_Directions for this task_: The records below are to be reproduced exactly, with every picture left out.

(Items from a dataset)
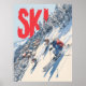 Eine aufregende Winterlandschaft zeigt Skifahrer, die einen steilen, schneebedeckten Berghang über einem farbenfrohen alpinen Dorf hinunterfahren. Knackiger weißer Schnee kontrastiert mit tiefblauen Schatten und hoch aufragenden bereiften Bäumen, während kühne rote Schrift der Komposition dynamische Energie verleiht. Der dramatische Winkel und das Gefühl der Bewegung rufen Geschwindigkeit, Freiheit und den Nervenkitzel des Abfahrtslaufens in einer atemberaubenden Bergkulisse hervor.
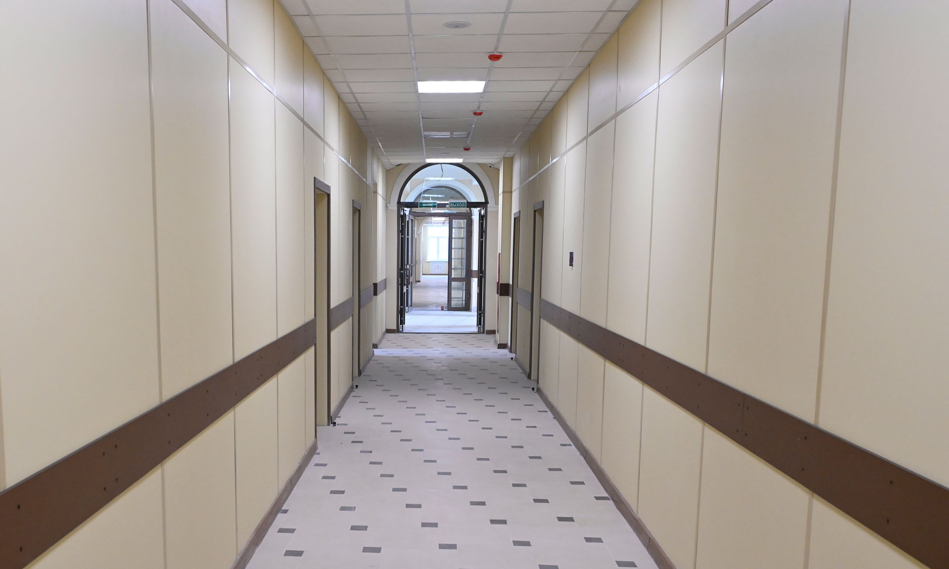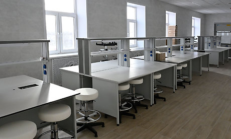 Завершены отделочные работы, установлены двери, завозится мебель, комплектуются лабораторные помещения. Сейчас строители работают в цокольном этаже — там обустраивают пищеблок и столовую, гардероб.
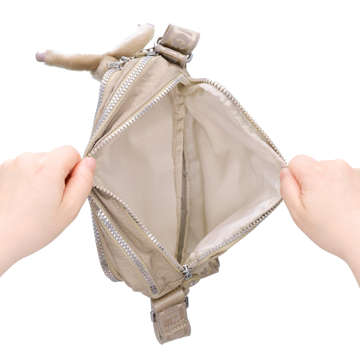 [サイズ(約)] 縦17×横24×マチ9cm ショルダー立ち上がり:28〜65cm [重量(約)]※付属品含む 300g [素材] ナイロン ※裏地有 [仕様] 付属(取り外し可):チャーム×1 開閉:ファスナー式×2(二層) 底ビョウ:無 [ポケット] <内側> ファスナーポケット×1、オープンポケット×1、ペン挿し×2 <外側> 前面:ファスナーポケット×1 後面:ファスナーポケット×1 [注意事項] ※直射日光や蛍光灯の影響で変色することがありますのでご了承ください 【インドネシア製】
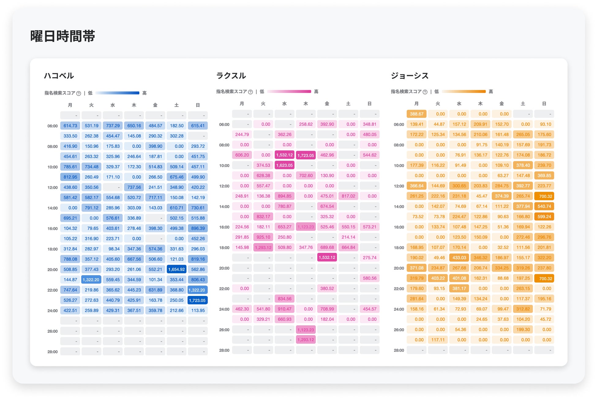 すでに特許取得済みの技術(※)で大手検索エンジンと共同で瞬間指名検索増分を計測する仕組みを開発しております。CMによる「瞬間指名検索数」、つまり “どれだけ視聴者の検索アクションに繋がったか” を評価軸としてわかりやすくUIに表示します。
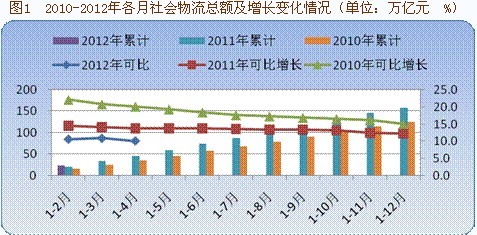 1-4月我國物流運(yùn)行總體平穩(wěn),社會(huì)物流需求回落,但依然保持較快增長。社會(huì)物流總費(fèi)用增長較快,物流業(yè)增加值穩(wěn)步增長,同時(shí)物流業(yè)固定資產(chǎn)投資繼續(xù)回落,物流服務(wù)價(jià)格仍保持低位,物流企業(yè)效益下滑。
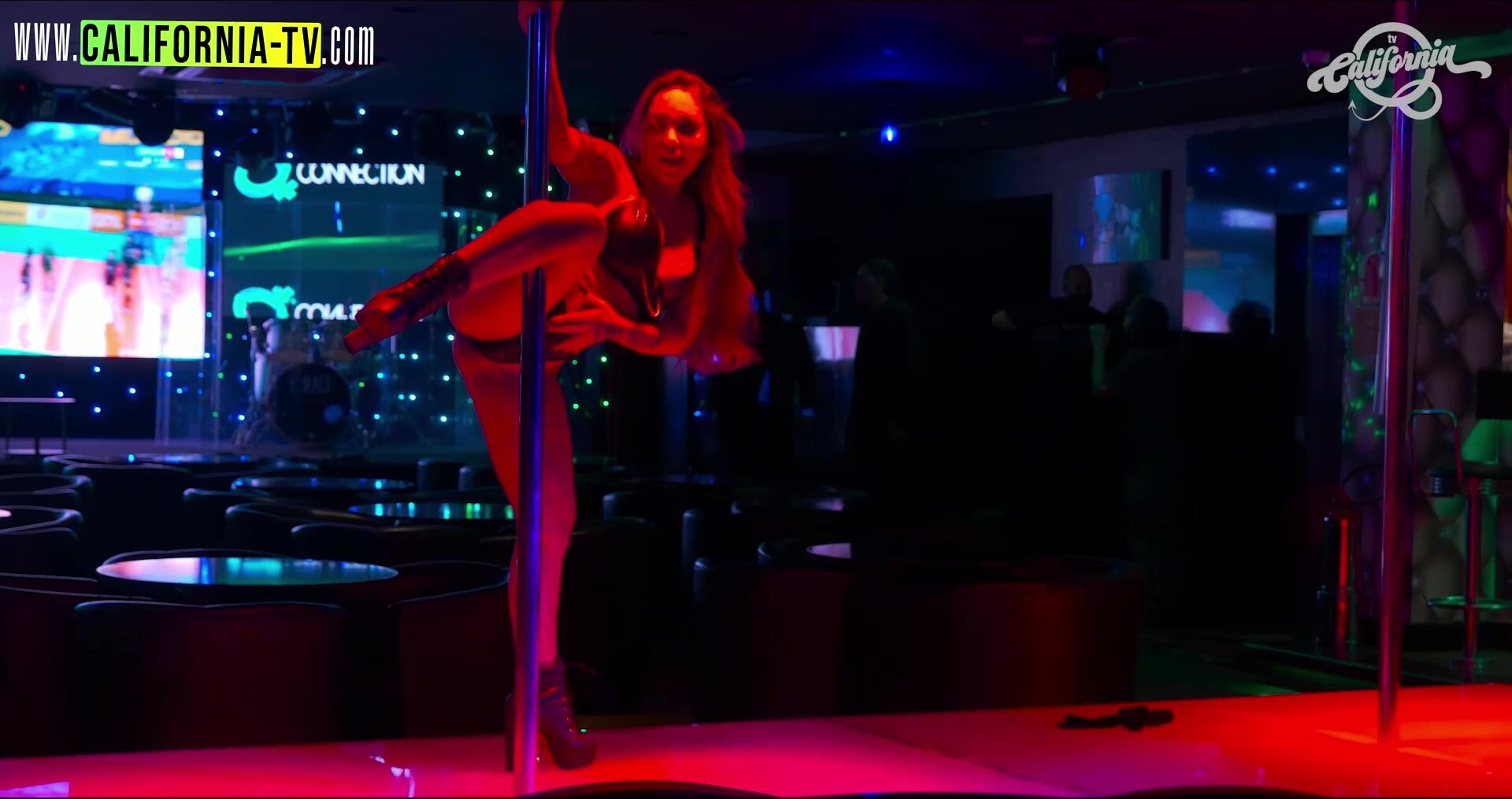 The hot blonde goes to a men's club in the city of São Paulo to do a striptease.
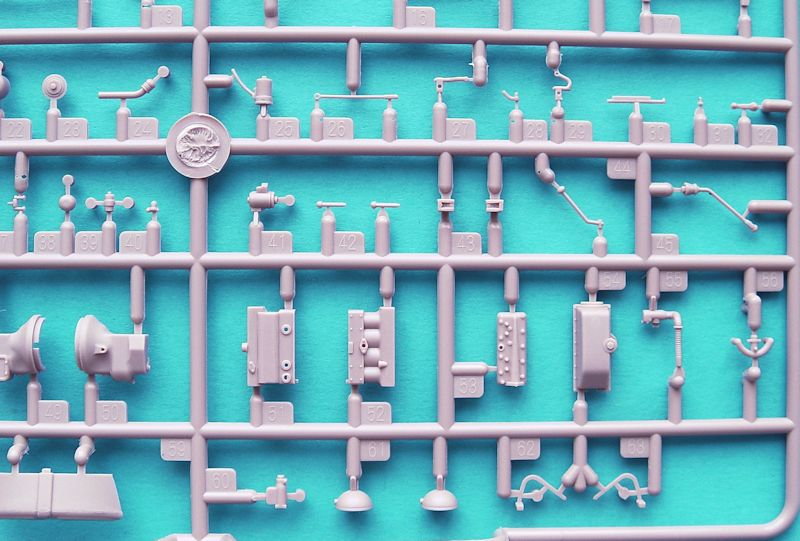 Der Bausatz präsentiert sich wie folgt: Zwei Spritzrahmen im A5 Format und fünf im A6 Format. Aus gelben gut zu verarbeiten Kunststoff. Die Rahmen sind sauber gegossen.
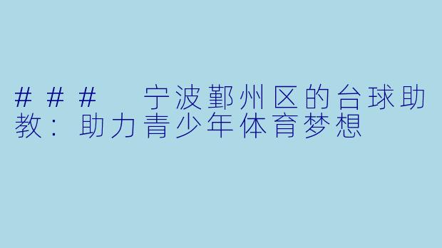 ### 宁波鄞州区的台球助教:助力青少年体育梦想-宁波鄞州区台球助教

_Solved problem_:
 Eine aufregende Winterlandschaft zeigt Skifahrer, die einen steilen, schneebedeckten Berghang über einem farbenfrohen alpinen Dorf hinunterfahren. Knackiger weißer Schnee kontrastiert mit tiefblauen Schatten und hoch aufragenden bereiften Bäumen, während kühne rote Schrift der Komposition dynamische Energie verleiht. Der dramatische Winkel und das Gefühl der Bewegung rufen Geschwindigkeit, Freiheit und den Nervenkitzel des Abfahrtslaufens in einer atemberaubenden Bergkulisse hervor.
 Завершены отделочные работы, установлены двери, завозится мебель, комплектуются лабораторные помещения. Сейчас строители работают в цокольном этаже — там обустраивают пищеблок и столовую, гардероб.
 [サイズ(約)] 縦17×横24×マチ9cm ショルダー立ち上がり:28〜65cm [重量(約)]※付属品含む 300g [素材] ナイロン ※裏地有 [仕様] 付属(取り外し可):チャーム×1 開閉:ファスナー式×2(二層) 底ビョウ:無 [ポケット] <内側> ファスナーポケット×1、オープンポケット×1、ペン挿し×2 <外側> 前面:ファスナーポケット×1 後面:ファスナーポケット×1 [注意事項] ※直射日光や蛍光灯の影響で変色することがありますのでご了承ください 【インドネシア製】
 すでに特許取得済みの技術(※)で大手検索エンジンと共同で瞬間指名検索増分を計測する仕組みを開発しております。CMによる「瞬間指名検索数」、つまり “どれだけ視聴者の検索アクションに繋がったか” を評価軸としてわかりやすくUIに表示します。
 1-4月我國物流運(yùn)行總體平穩(wěn),社會(huì)物流需求回落,但依然保持較快增長。社會(huì)物流總費(fèi)用增長較快,物流業(yè)增加值穩(wěn)步增長,同時(shí)物流業(yè)固定資產(chǎn)投資繼續(xù)回落,物流服務(wù)價(jià)格仍保持低位,物流企業(yè)效益下滑。
 The hot blonde goes to a men's club in the city of São Paulo to do a striptease.
 Der Bausatz präsentiert sich wie folgt: Zwei Spritzrahmen im A5 Format und fünf im A6 Format. Aus gelben gut zu verarbeiten Kunststoff. Die Rahmen sind sauber gegossen.
 ### 宁波鄞州区的台球助教:助力青少年体育梦想-宁波鄞州区台球助教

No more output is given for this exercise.